#### [EXERCISE]
Would you return, word for word, the lines running from the one with "地毯寓意為海洋,蜂巢金屬背景" to the final line of the listing below, pictures omitted?

#### [AVAILABLE DATA]
------

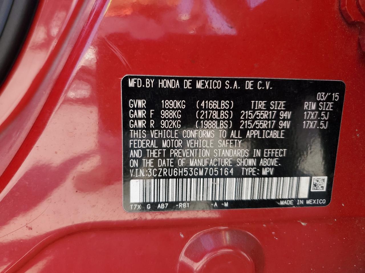 - ВИН: 3CZRU6H53GM******
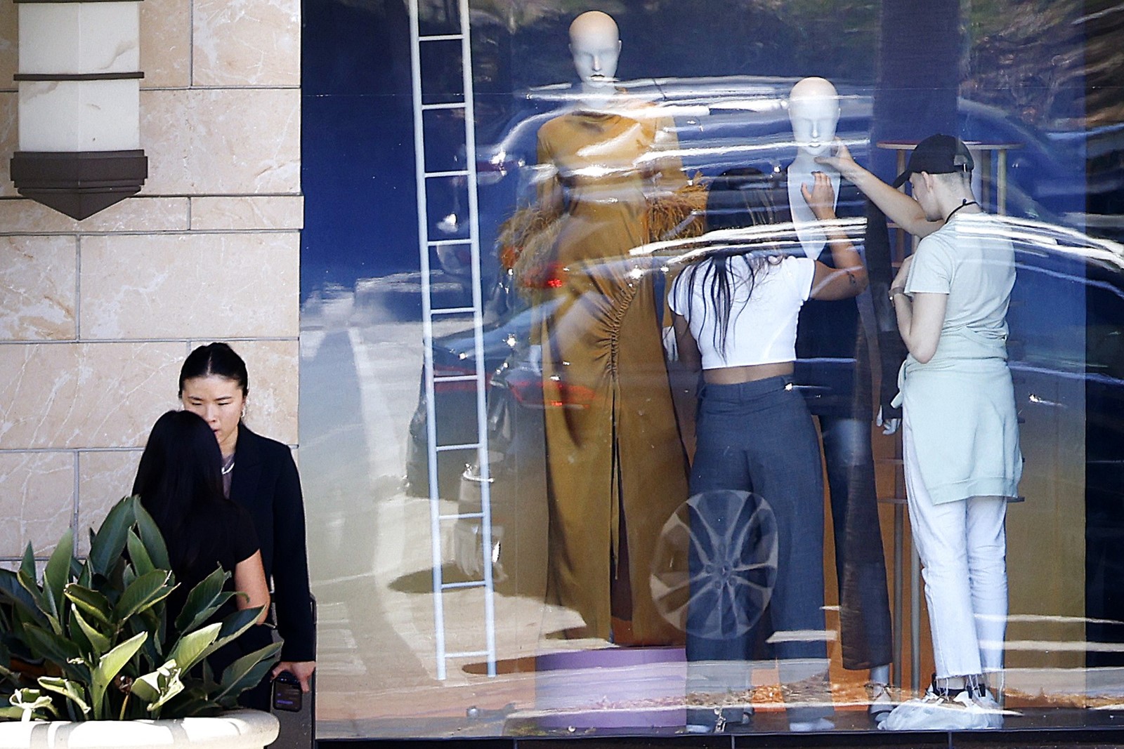 Aram Kaloustian grabbed a cup of coffee Tuesday morning at the Americana, a few hundred feet from the Yves Saint Laurent store where workers repaired the entrance to the shop that thieves ransacked last week.
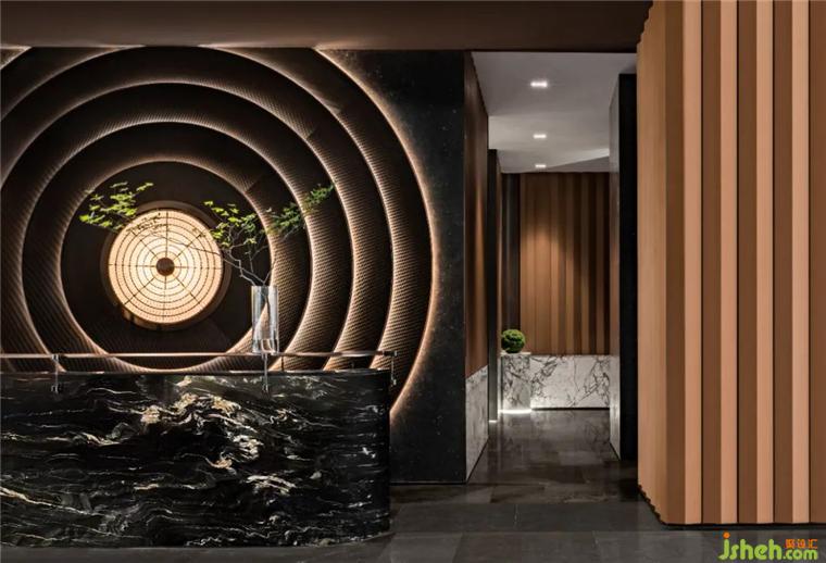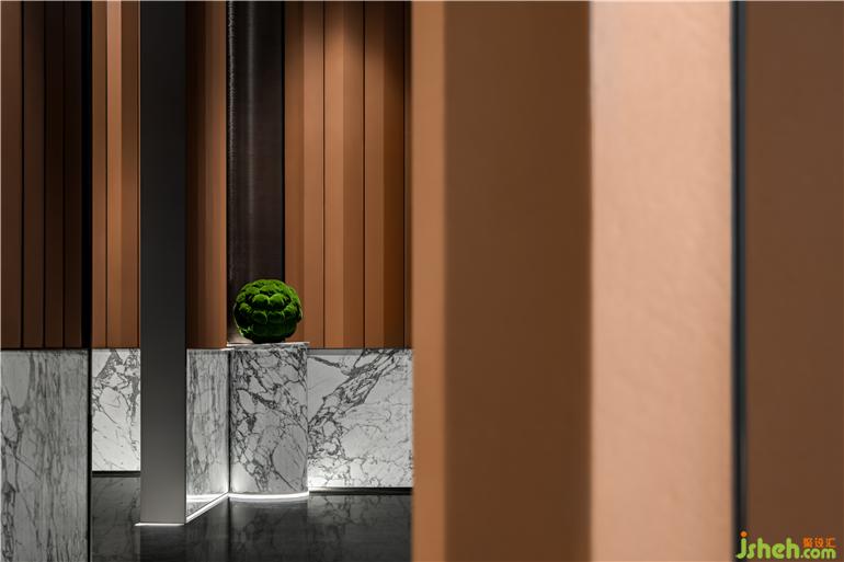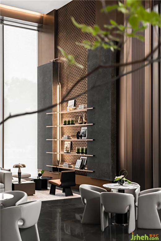 地毯寓意為海洋,蜂巢金屬背景墻折射光線投映到室內(nèi),大氣穩(wěn)重的基調(diào)下又充滿時尚感,木飾面鋪陳敘事,大理石材不同肌理的表達,強調(diào)空間的韻律美與秩序感,成都龍湖瑰云里營銷中心設計空間之間靜默存在又彼此串聯(lián)。
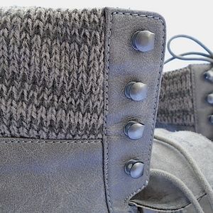 Stay warm and fashionable this Fall and Winter with these kick ass Mossimo brand sweater wedge boots. Sweater cuff detail on top, soft and makes these comfortable to wear. Lace up with 4 additional clasps at top (pictured). These are in great shape, worn maybe 3 times. Size US Women's 8.5 but fit more like an 8. Heel is 4.5" high with a 1" platform in the front.

------

#### [REPLY]
 地毯寓意為海洋,蜂巢金屬背景墻折射光線投映到室內(nèi),大氣穩(wěn)重的基調(diào)下又充滿時尚感,木飾面鋪陳敘事,大理石材不同肌理的表達,強調(diào)空間的韻律美與秩序感,成都龍湖瑰云里營銷中心設計空間之間靜默存在又彼此串聯(lián)。
 Stay warm and fashionable this Fall and Winter with these kick ass Mossimo brand sweater wedge boots. Sweater cuff detail on top, soft and makes these comfortable to wear. Lace up with 4 additional clasps at top (pictured). These are in great shape, worn maybe 3 times. Size US Women's 8.5 but fit more like an 8. Heel is 4.5" high with a 1" platform in the front.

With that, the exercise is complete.